The budding match snuffed out a truce between the Klings. Amos believed that the Hardings had African American blood, and was also offended by Harding's editorial stances. He started to spread rumors of Harding's supposed black heritage, and encouraged local businessmen to boycott Harding's business interests. When Harding found out what Kling was doing, he warned Kling "that he would beat the tar out of the little man if he didn't cease."
The Hardings married on July 8, 1891, at their new home on Mount Vernon Avenue in Marion, which they had designed together in the Queen Anne style. The marriage produced no children. Harding affectionately called his wife "the Duchess" for a character in a serial from The New York Sun who kept a close eye on "the Duke" and their money.

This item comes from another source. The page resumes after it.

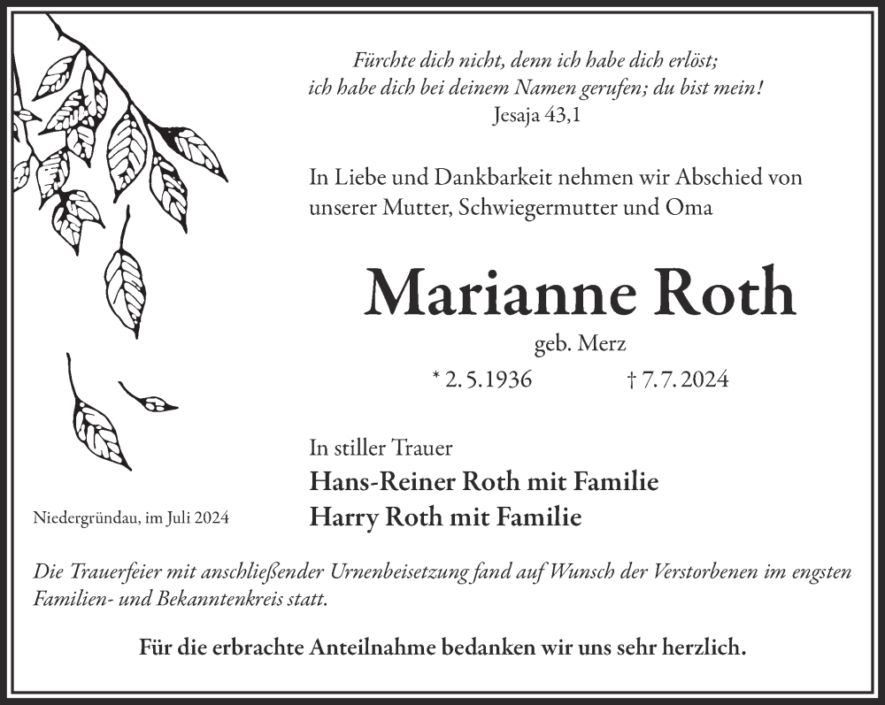 Hier finden Sie alle Traueranzeigen aus der Zeitung, die bisher für Marianne Roth erschienen sind. Weitere Traueranzeigen, die in der Zeitung erscheinen, werden hier ebenfalls aufgelistet

Florence Harding became deeply involved in her husband's career, both at the Star and after he entered politics. Exhibiting her father's determination and business sense, she helped turn the Star into a profitable enterprise through her tight management of the paper's circulation department. She has been credited with helping Harding achieve more than he might have alone; some have suggested that she pushed him all the way to the White House.
Start in politics
Soon after purchasing the Star, Harding turned his attention to politics, supporting Foraker in his first successful bid for governor in 1885. Foraker was part of the war generation that challenged older Ohio Republicans, such as Senator John Sherman, for control of state politics. Harding, always a party loyalist, supported Foraker in the complex internecine warfare that was Ohio Republican politics. Harding was willing to tolerate Democrats as necessary to a two-party system, but had only contempt for those who bolted the Republican Party to join third-party movements. He was a delegate to the Republican state convention in 1888, at the age of 22, representing Marion County, and would be elected a delegate in most years until becoming president.Harding's success as an editor took a toll on his health. Five times between 1889 and 1901, he spent time at the Battle Creek Sanitorium for reasons Sinclair described as "fatigue, overstrain, and nervous illnesses". Dean ties these visits to early occurrences of the heart ailment that would kill Harding in 1923. During one such absence from Marion, in 1894, the Star's business manager quit. Florence Harding took his place. She became her husband's top assistant at the Star on the business side, maintaining her role until the Hardings moved to Washington in 1915. Her competence allowed Harding to travel to make speeches—his use of the free railroad pass increased greatly after his marriage. Florence Harding practiced strict economy and wrote of Harding, "he does well when he listens to me and poorly when he does not."
In 1892, Harding traveled to Washington, where he met Democratic Nebraska Congressman William Jennings Bryan, and listened to the "Boy Orator of the Platte" speak on the floor of the House of Representatives. Harding traveled to Chicago's Columbian Exposition in 1893. Both visits were without Florence. Democrats generally won Marion County's offices; when Harding ran for auditor in 1895, he lost, but did better than expected. The following year, Harding was one of many orators who spoke across Ohio as part of the campaign of the Republican presidential candidate, that state's former governor, William McKinley. According to Dean, "while working for McKinley began making a name for himself through Ohio".